AIM OF THE TASK:
Pictures are to be left out; every line from the one with "Nhiều doanh nghiệp" through the end of the data must be transcribed exactly.

Saved entries:
────────────────────
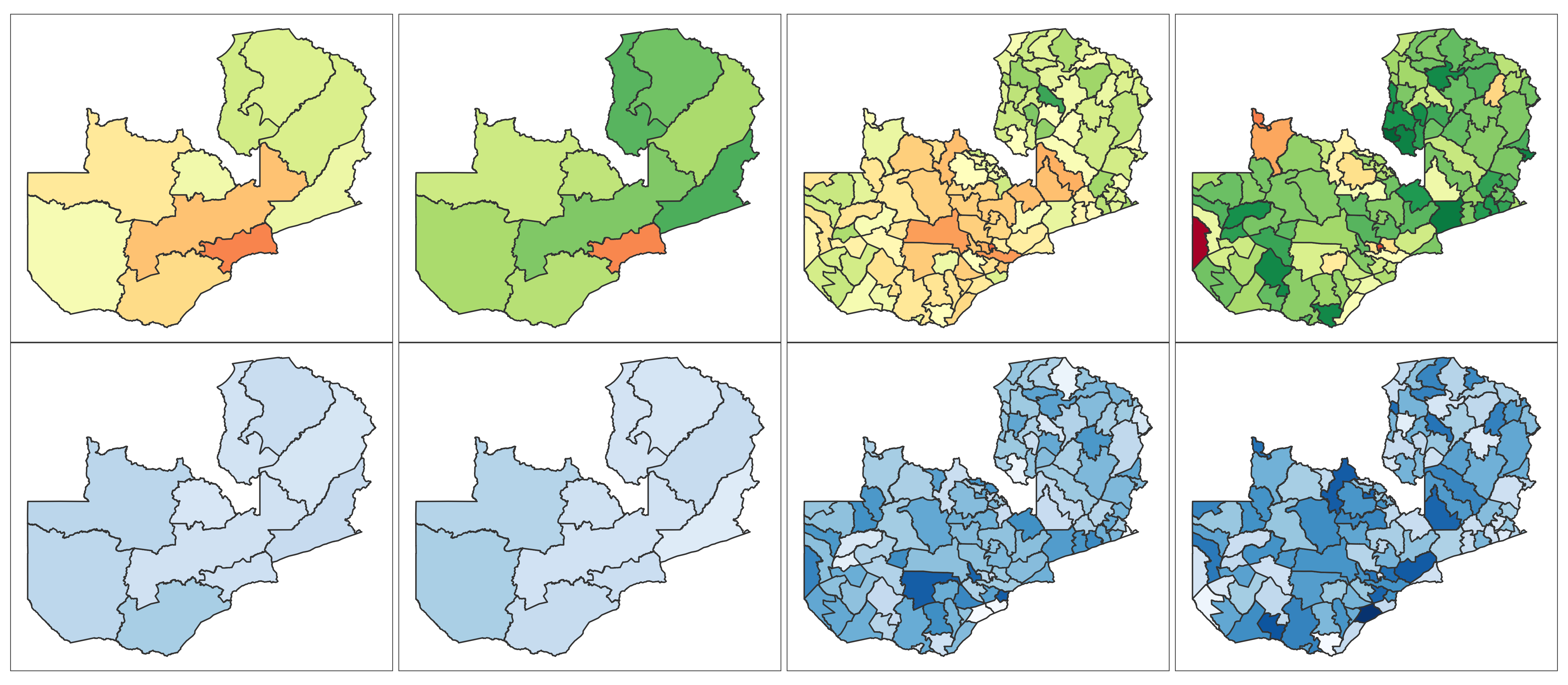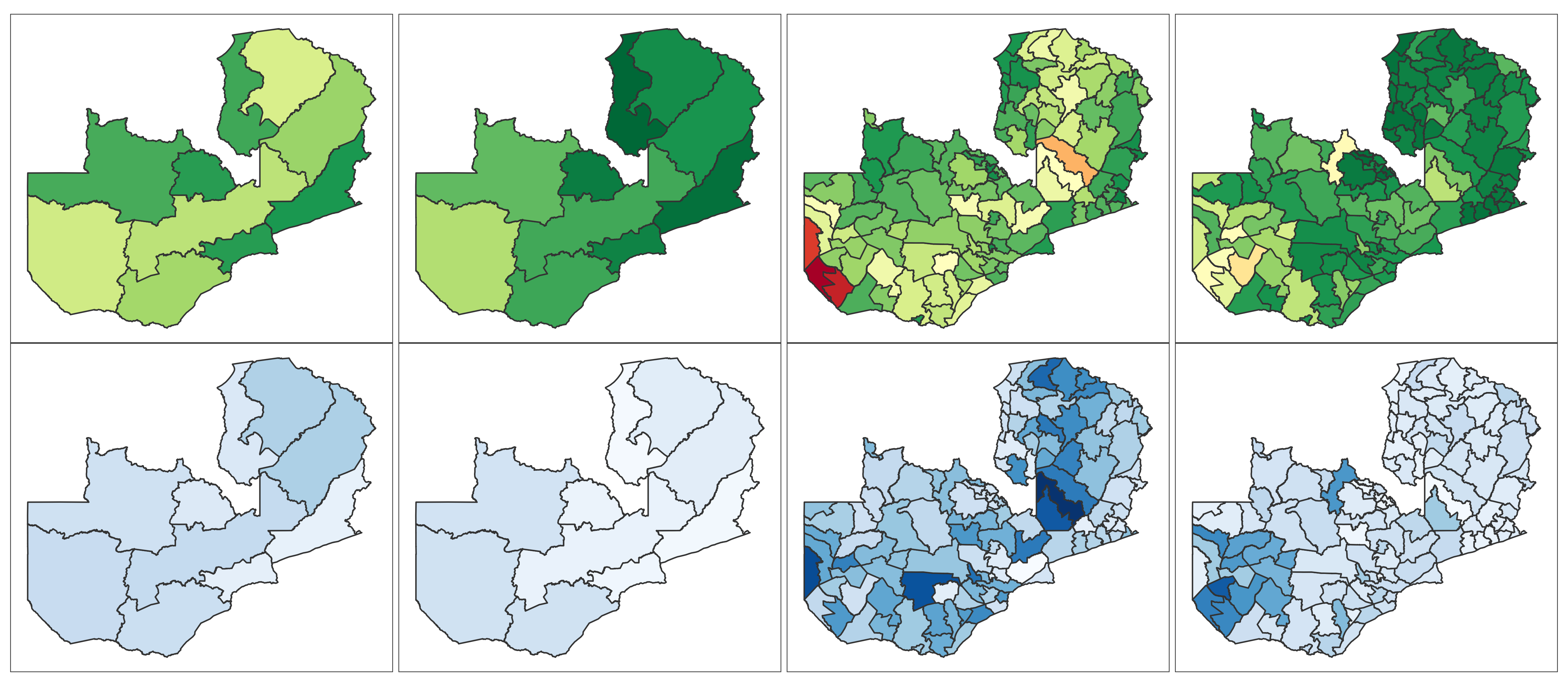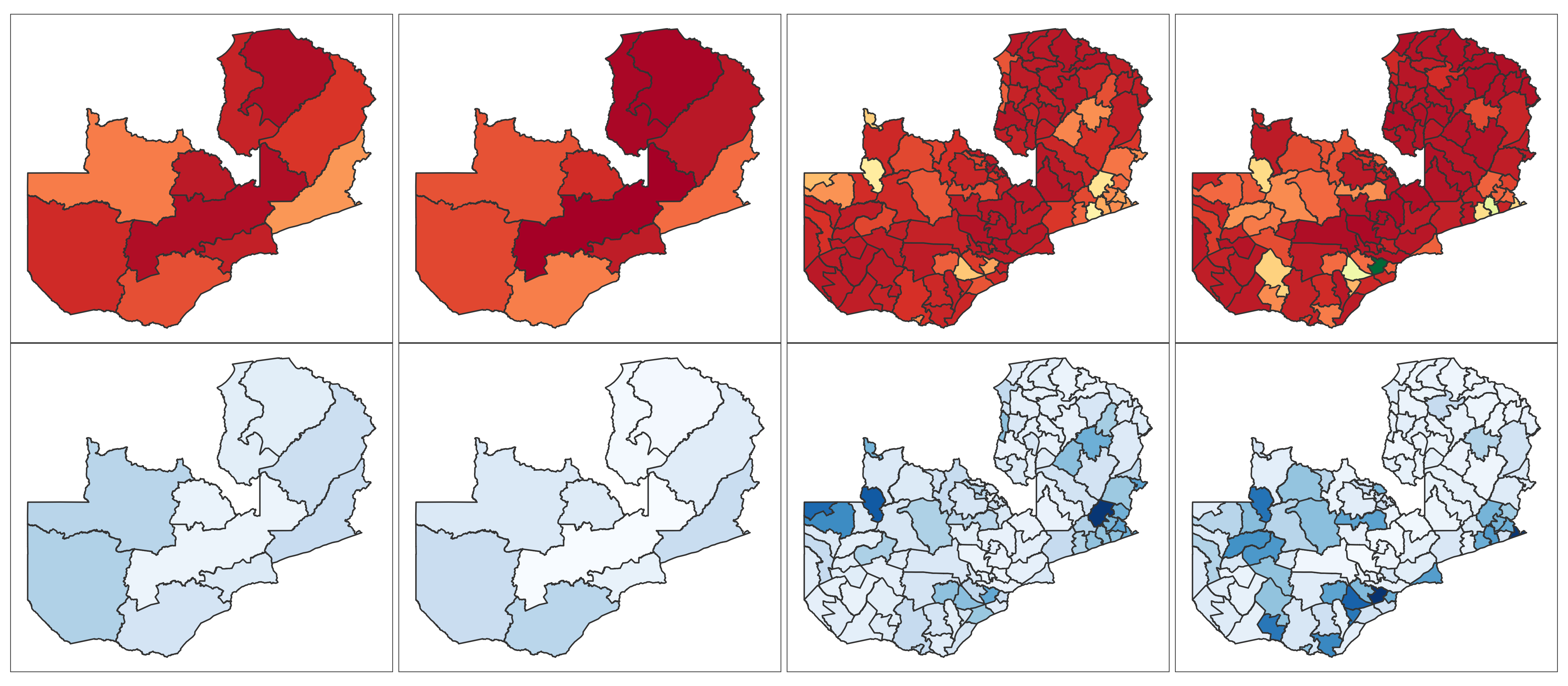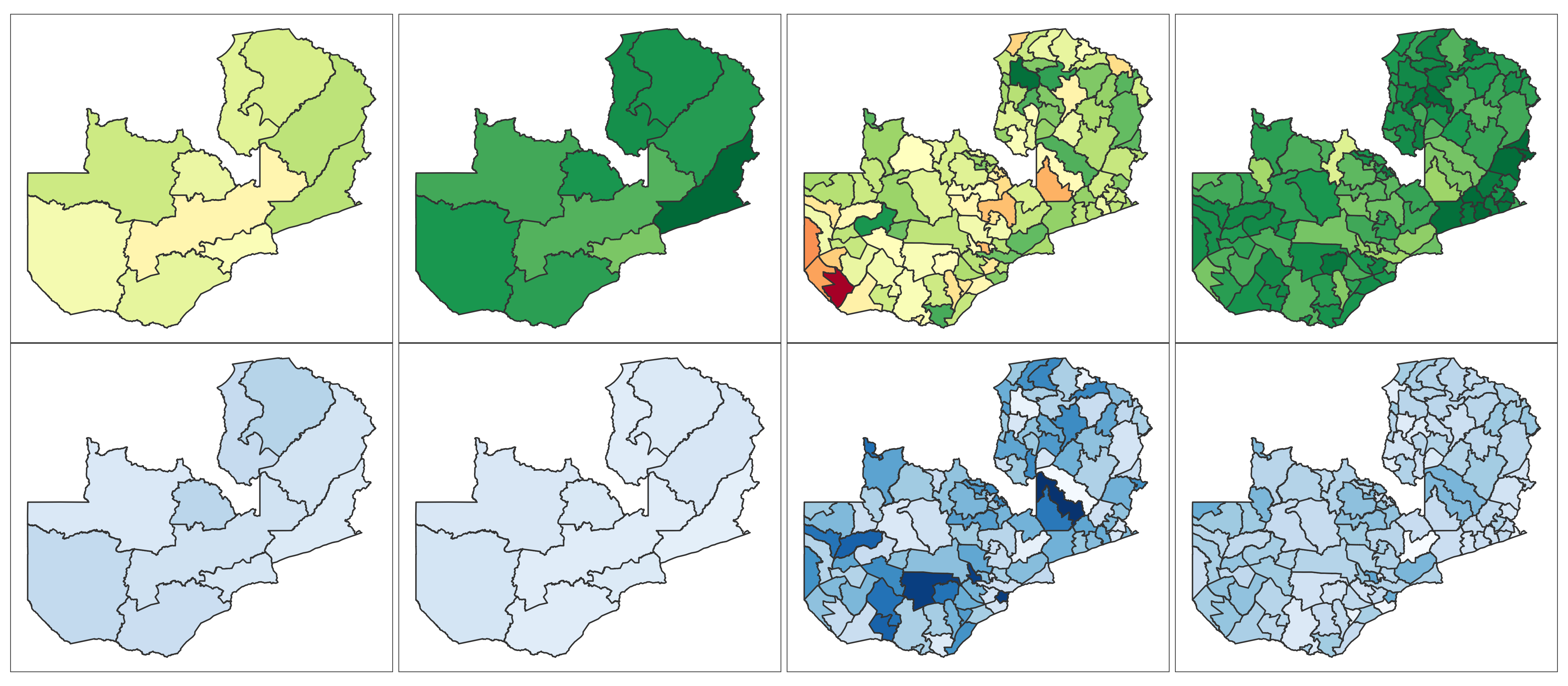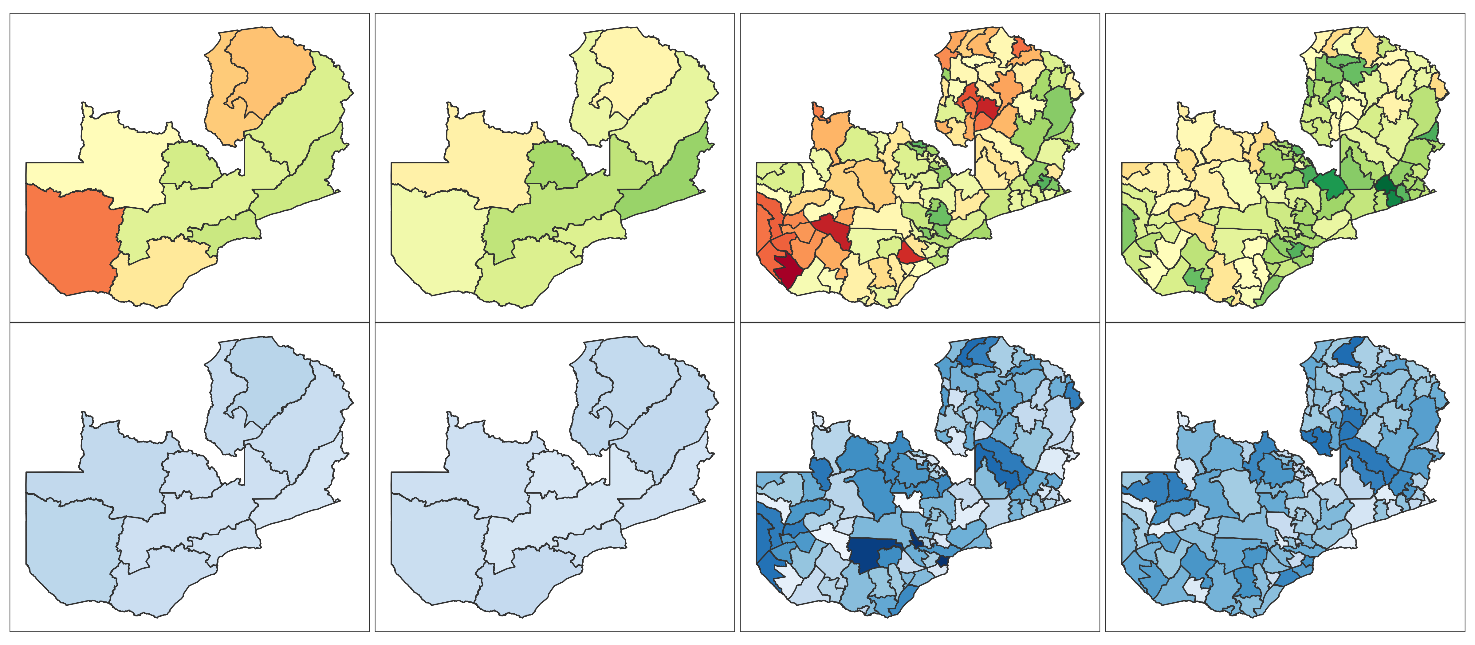 Zambia 📄 Download Report 📊 Download Estimates as CSV Provinces Districts Baseline Latest Baseline Latest (2018) (2024) (2018) (2024) Modern Contra- ception 4+ ANC Visits Delivery by Skilled Provider Delivery in Health Facility Delivery in Public Facility Delivery in Private Facility Delivery at home Newborn postnatal check-up MCV 1 coverage DTP 3 coverage No Vaccination received ITN use under 5 Diarrhea Treatment Women who are literate Women who own a mobile phone Women with secondary or higher education Lowest 2 Wealth Quintiles Neonatal Mortality Stunting prevalence Wasting prevalence
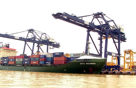 Nhiều doanh nghiệp đang chờ đợi sự kiện “tàu biển mẹ” lần đầu tiên cập cảng TP.HCM. Trong ảnh: Dỡ hàng ở cảng SPCT. Ảnh: MP
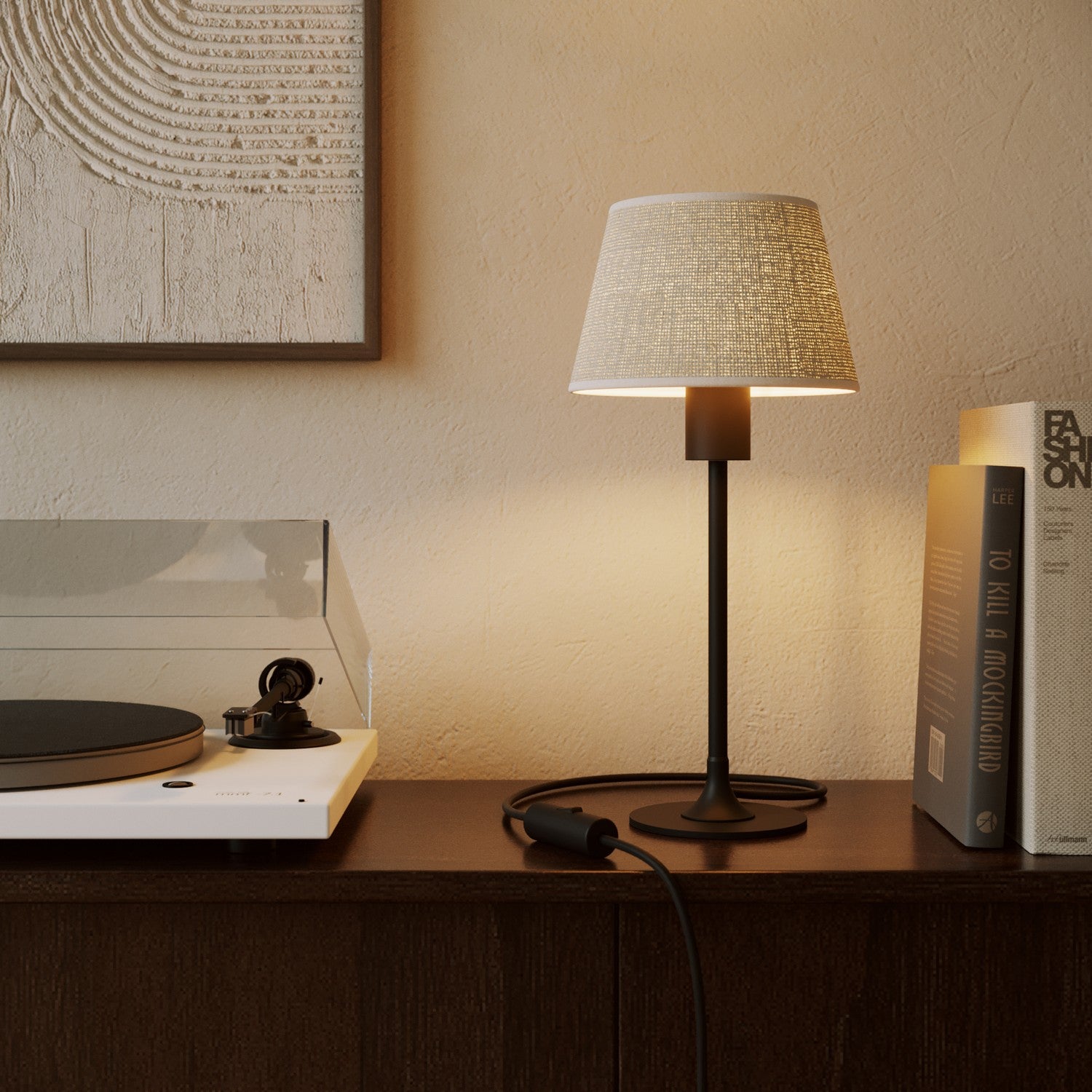 Vervollständige den Lampenschirm mit Zubehör, Glühbirnen und Creative-Cables Textilkabeln, um eine Tisch- oder Wandleuchte zu gestalten, die Funktionalität mit natürlichem Stil vereint.
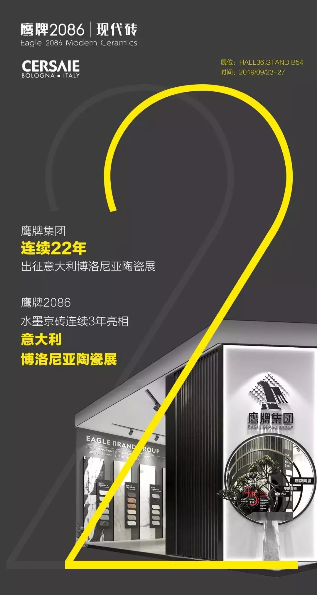 2019年,鹰牌集团已经连续参展22个年头,鹰牌2086此次也是第3次亮相意大利博洛尼亚陶瓷展。
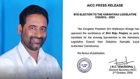 ವಿಧಾನ ಪರಿಷತ್ ಉಪಚುನಾವಣೆಗೆ ರಾಜು ಪೂಜಾರಿ ಬೈಂದೂರು ಅವರು ಕಾಂಗ್ರೆಸ್ ಅಭ್ಯರ್ಥಿ ಎಂದು ಎಐಸಿಸಿ ಪ್ರಧಾನ ಕಾರ್ಯದರ್ಶಿ ಕೆಸಿ ವೇಣುಗೋಪಾಲ್ ಅವರು ಅಧಿಕೃತ ಘೋಷಣೆ ಮಾಡಿದ್ದಾರೆ.
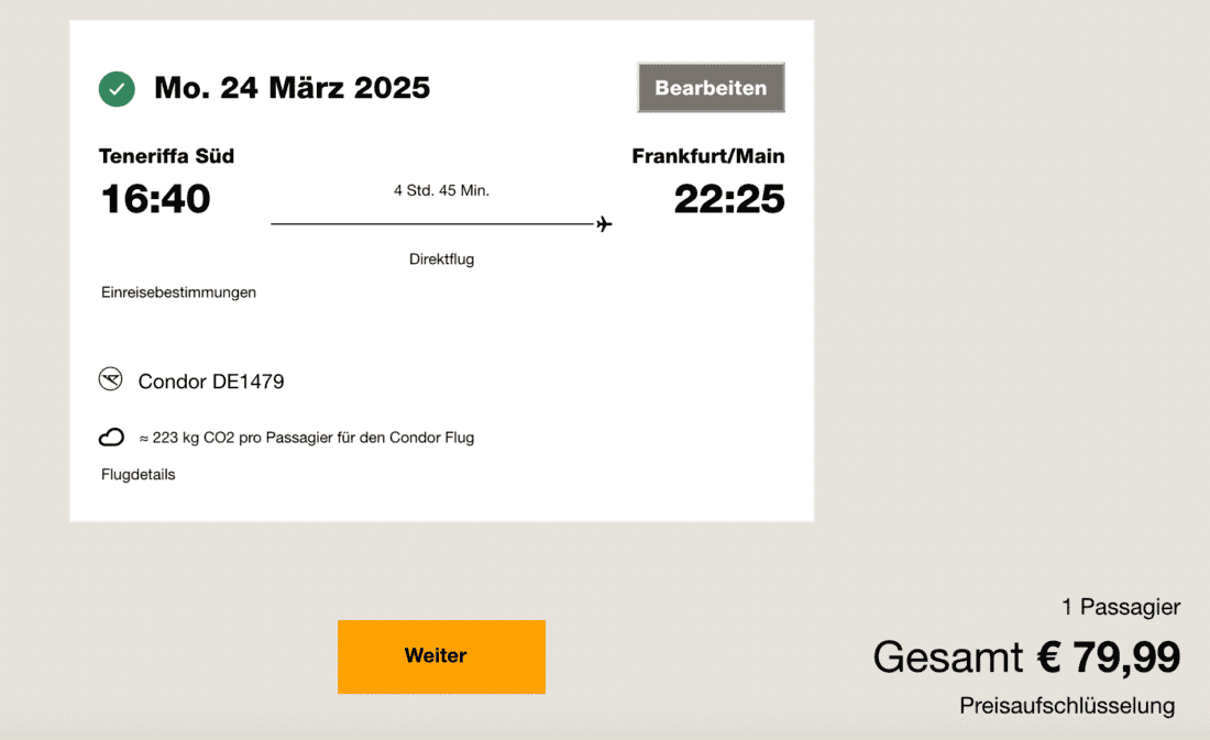 Nach Ende der Kreuzfahrt könnt ihr von Teneriffa am 24. März 2025 günstig mit Condor nach Frankfurt fliegen. Dieser Flug ist aktuell ab 80€ (zzgl. 40€ für 20 kg Aufgabegepäck) buchbar:
────────────────────
EXERCISE OUTPUT:
 Nhiều doanh nghiệp đang chờ đợi sự kiện “tàu biển mẹ” lần đầu tiên cập cảng TP.HCM. Trong ảnh: Dỡ hàng ở cảng SPCT. Ảnh: MP
 Vervollständige den Lampenschirm mit Zubehör, Glühbirnen und Creative-Cables Textilkabeln, um eine Tisch- oder Wandleuchte zu gestalten, die Funktionalität mit natürlichem Stil vereint.
 2019年,鹰牌集团已经连续参展22个年头,鹰牌2086此次也是第3次亮相意大利博洛尼亚陶瓷展。
 ವಿಧಾನ ಪರಿಷತ್ ಉಪಚುನಾವಣೆಗೆ ರಾಜು ಪೂಜಾರಿ ಬೈಂದೂರು ಅವರು ಕಾಂಗ್ರೆಸ್ ಅಭ್ಯರ್ಥಿ ಎಂದು ಎಐಸಿಸಿ ಪ್ರಧಾನ ಕಾರ್ಯದರ್ಶಿ ಕೆಸಿ ವೇಣುಗೋಪಾಲ್ ಅವರು ಅಧಿಕೃತ ಘೋಷಣೆ ಮಾಡಿದ್ದಾರೆ.
 Nach Ende der Kreuzfahrt könnt ihr von Teneriffa am 24. März 2025 günstig mit Condor nach Frankfurt fliegen. Dieser Flug ist aktuell ab 80€ (zzgl. 40€ für 20 kg Aufgabegepäck) buchbar:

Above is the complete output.